== ABOUT THIS EXERCISE ==
Please copy every record below exactly and leave out the pictures.

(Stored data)
+---+

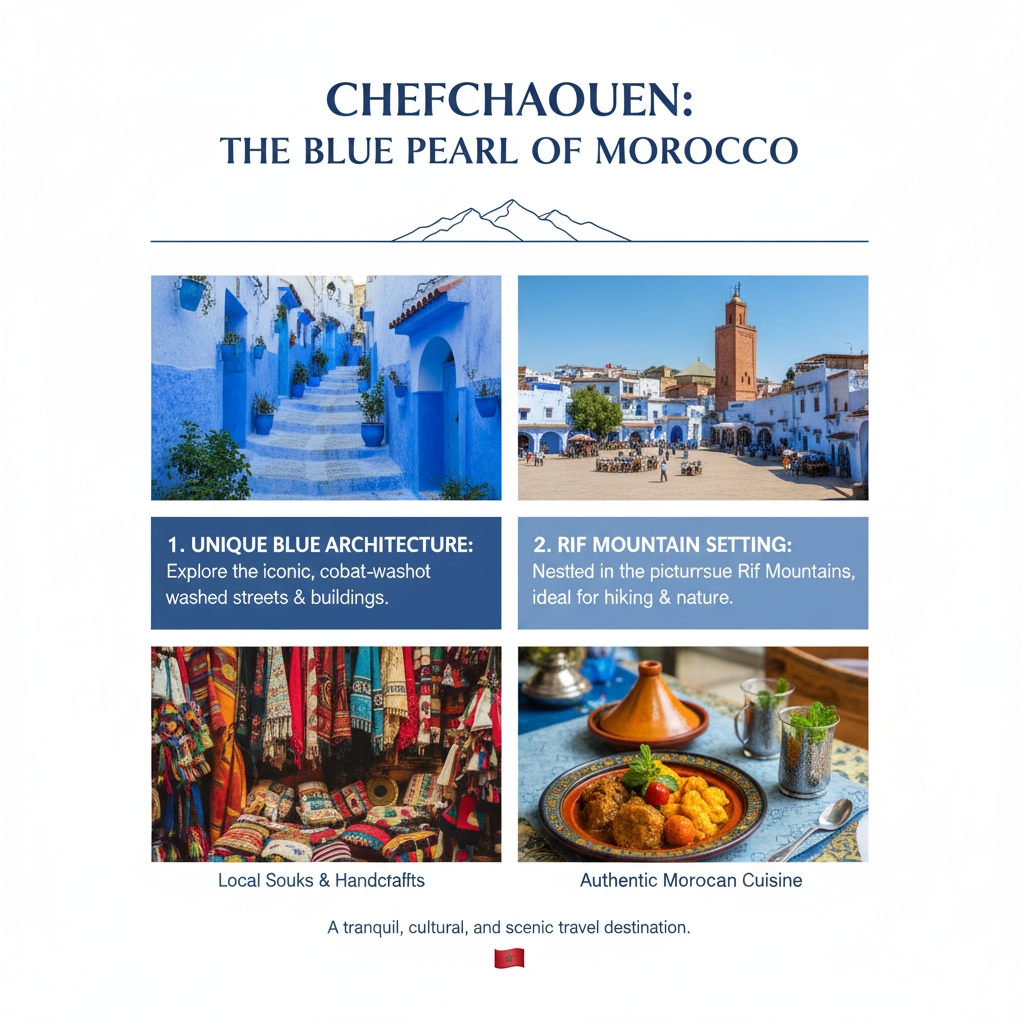 Famous âBlue Cityâ in the Rif Mountains â incredibly photogenic with blue-painted lanes and a laid-back vibe.
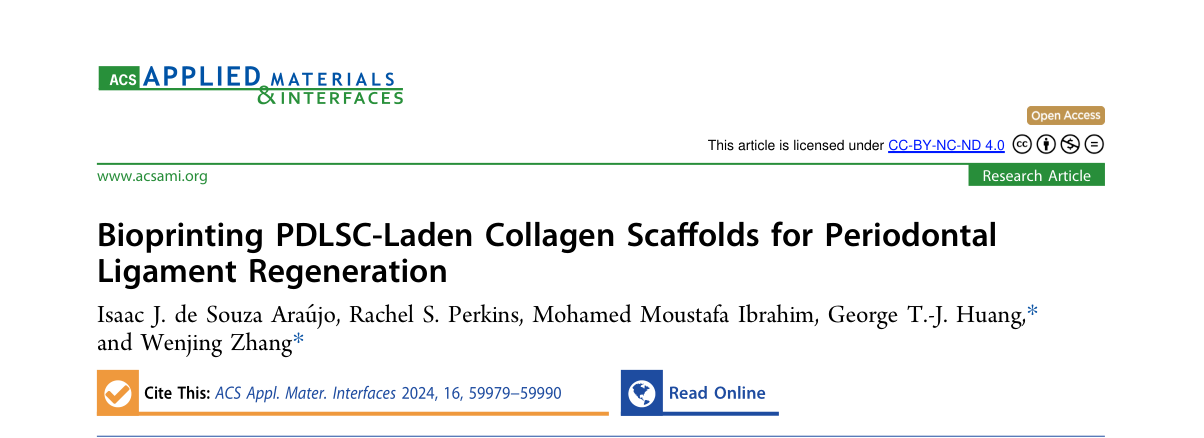 题目:Bioprinting PDLSC-Laden Collagen Scaffolds for Periodontal Ligament Regeneration
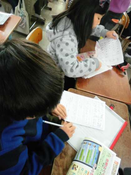 今日は金曜日。各クラスでは来週の予定表が配布されています。ほかに,PTA新聞も家庭数で配布されました。
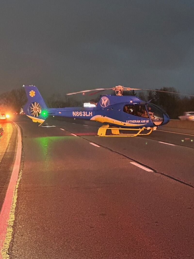The medical helicopter that transported Reum to a hospital in South Bend, Indiana.
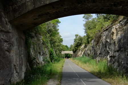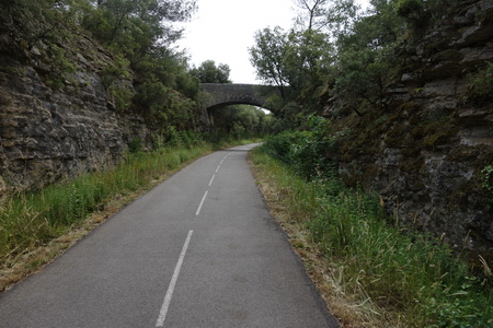 Frisch gestärkt geht es auf dem asphaltierten Radweg in südlicher Richtung schnell voran. Die Strecke macht einen großen Bogen nach Norden und biegt dann Richtung Osten ab. Zwei Steinbrücken überspannen den felsigen Einschnitt.

+---+

== RESPONSE BOX ==
 Famous âBlue Cityâ in the Rif Mountains â incredibly photogenic with blue-painted lanes and a laid-back vibe.
 题目:Bioprinting PDLSC-Laden Collagen Scaffolds for Periodontal Ligament Regeneration
 今日は金曜日。各クラスでは来週の予定表が配布されています。ほかに,PTA新聞も家庭数で配布されました。
The medical helicopter that transported Reum to a hospital in South Bend, Indiana.
 Frisch gestärkt geht es auf dem asphaltierten Radweg in südlicher Richtung schnell voran. Die Strecke macht einen großen Bogen nach Norden und biegt dann Richtung Osten ab. Zwei Steinbrücken überspannen den felsigen Einschnitt.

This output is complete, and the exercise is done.